As the 9th Caribbean Renewable Energy Forum (CREF 2017) and the Utility Leaders Grid Modernization Workshop, took place October 18-20 in Miami, Florida, and the issue of how to build disaster resilient, climate-friendly, renewable energy systems was discussed. VERGNET has always been at the forefront of that topic, advising electrical authorities throughout the region.
With over 25 years experience on microgrids and remote areas, VERGNET is a major contributor to renewables and resilience through its focus and commitment in these areas.
The company’s thought-leadership and advocacy for better adapted and bespoke energy solutions has been consistent over the years in the Caribbean region as well as within other regions across the world.
How to avoid a total black out in the islands?

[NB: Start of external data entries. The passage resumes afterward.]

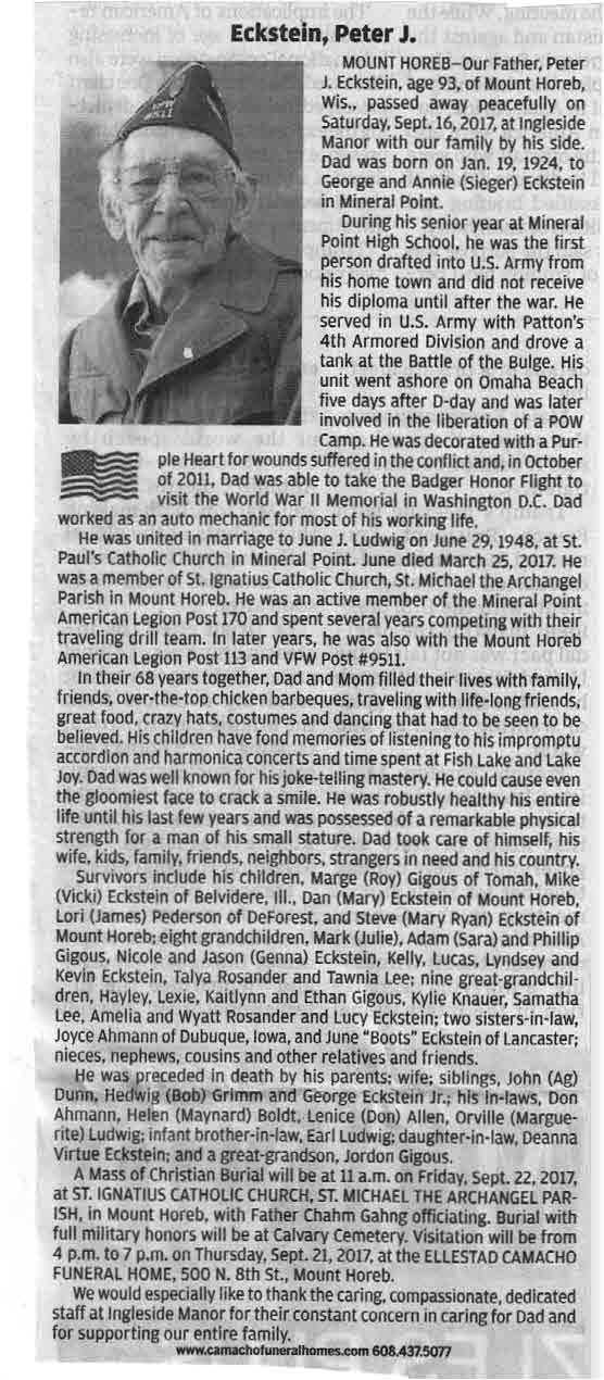 Eckstein, Peter J., Obit
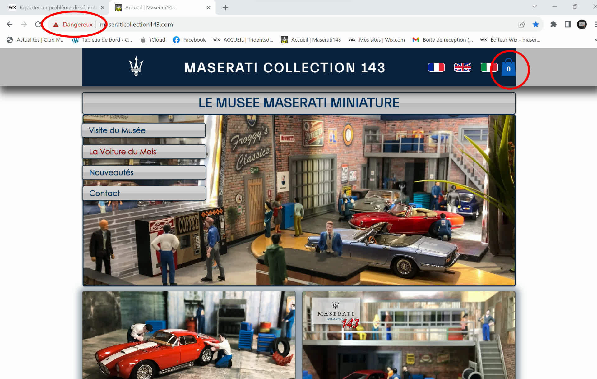 Avec Firefox, j'arrive jusqu'au site sans alerte mais je vois bien le panier d'achat dans le coin.
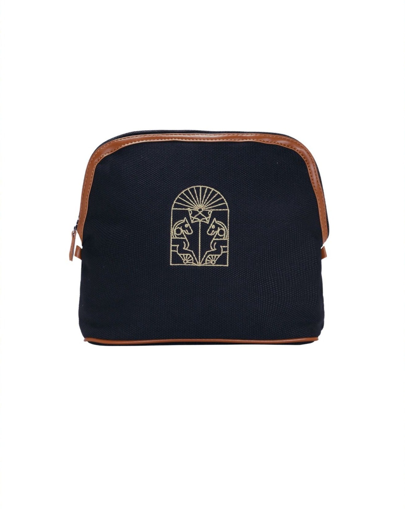 Neceser o clutch en 2 colores, negro y marrón oscuro, con logo de IQ Home bordado. Hecho en 100% algodón.
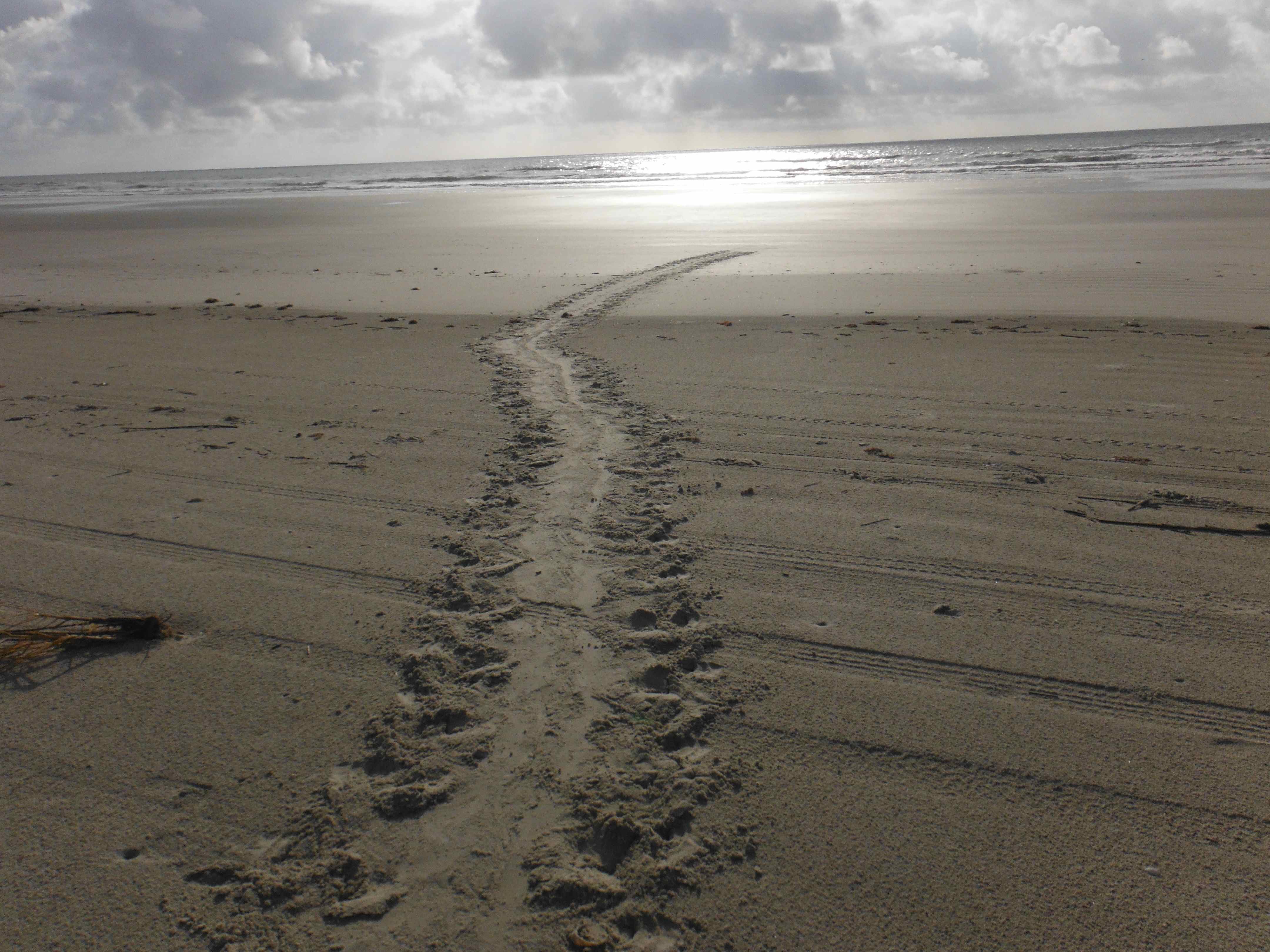 This is the track a loggerhead turtle made that evening returning to the sea after laying her eggs.

Puerto Rico, home to 3.4 million US citizens, was just beginning to heal from Hurricane Irma when it was hit by Hurricane Maria, one of the strongest hurricanes to ever hit Puerto Rico. All the island infrastructure has drastically suffered from the record rainfall and catastrophic flooding and sustained winds of up to 155 mph i.e. 68 m/s (gusts reaching 195 mph i.e. 85.8 m/s*) from cyclones : “We’re talking here about major devastation,” Carlos Mercader, a spokesperson for the Puerto Rican government, told PBS NewsHour Wednesday. “And when we say major devastation, that means that in terms of infrastructure, we have full communities that 80 or 90 percent of the homes are a complete disaster. They are totally lost.” Communications to and from Puerto Rico are strained (cell service has been all but wiped out on the island), there is no electricity on the entire island — and it could remain that way for months. At least one wind farm (made of 13, 1.8 MW conventional wind turbines), at the Eastern tip of the island, was destroyed (whereas the 3 anti-cyclonic Vergnet MP-C turbines remained unscathed). Most utility-size PV plants (46.7 MW in Humacao, 23.7 MW in Guyama, Humacao’s sewage treatment facility) were destroyed.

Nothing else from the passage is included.